= Huang Kuo-chu =

Huang Kuo-chu (黄国柱 (Huáng Guózhù); born November 1952), pen name Huangfu (皇甫), is a retired People's Liberation Army (PLA) major general and writer from Xiangshui County, Jiangsu Province, China. He formerly served as the editor-in-chief and president of the People's Liberation Army Daily, and was a member of the 11th Chinese People's Political Consultative Conference(CPPCC).

==Career==
Huang enlisted in the People's Liberation Army in 1969 and joined the Chinese Communist Party in March 1975. He graduated in 1982 from the Department of Chinese Language and Literature at Jilin University. Over his military and media career, he held various posts, including soldier and clerk in an infantry regiment, officer in the Cultural Department and the Propaganda Department of the Shenyang Military Region, and editor at the Cultural Division of the PLA Daily.

He later served as head of the Political Work Section and the Distribution Department of the newspaper, and as president of the PLA branch of Xinhua News Agency. Huang began publishing literary works in 1975 and became a member of the China Writers Association in 1988.

In May 2006, he was appointed director and editor-in-chief of the PLA Television Publicity Center (now the CCTV Military Program Center), holding a deputy corps-level rank. He was promoted to the rank of major general in July of the same year. In 2008, he was elected to the 11th CPPCC National Committee, representing the press and publishing sector, and was assigned to Group 44.

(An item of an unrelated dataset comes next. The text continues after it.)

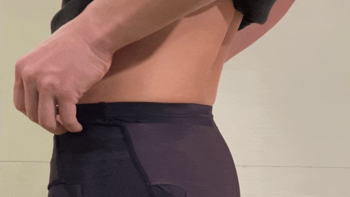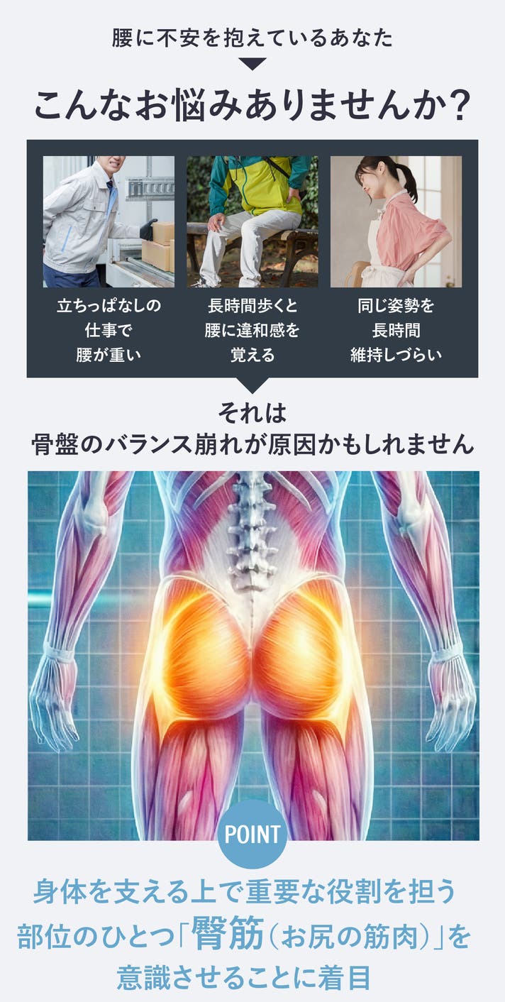 大臀筋の筋繊維に沿った引き上げサポートにより、股関節の可動域が広がることで腰の負担軽減

Huang became editor-in-chief of the PLA Daily in 2009 and was promoted to president of the newspaper in April 2012. He retired from active service in 2013 upon reaching the mandatory retirement age.

==Selected works==
Huang Guozhu has authored several collections of essays, literary criticism, and reportage. His major publications include:

- The Desolate History (《苍凉的历史》) – A collection of critical essays that received the Third Prize for Outstanding Achievement in Contemporary Chinese Literary Studies.
- Confusion and Choice (《困惑与选择》) – A commentary on political and ideological dilemmas.
- The Glory of the North (《北国的辉煌》) – Reflections on northern China's revolutionary legacy and development.
- The Sacred Land Is Not Far Away (《圣土并不遥远》) – Winner of the 3rd People's Liberation Army Literary Award.
- Singing in the Vast and Lonely Sky (《寂寥长天唱大风》) – Recipient of a PLA Literary Award.
- The Sail on the Sea of Bitterness (《苦海的帆》) – A collection of prose and reportage literature.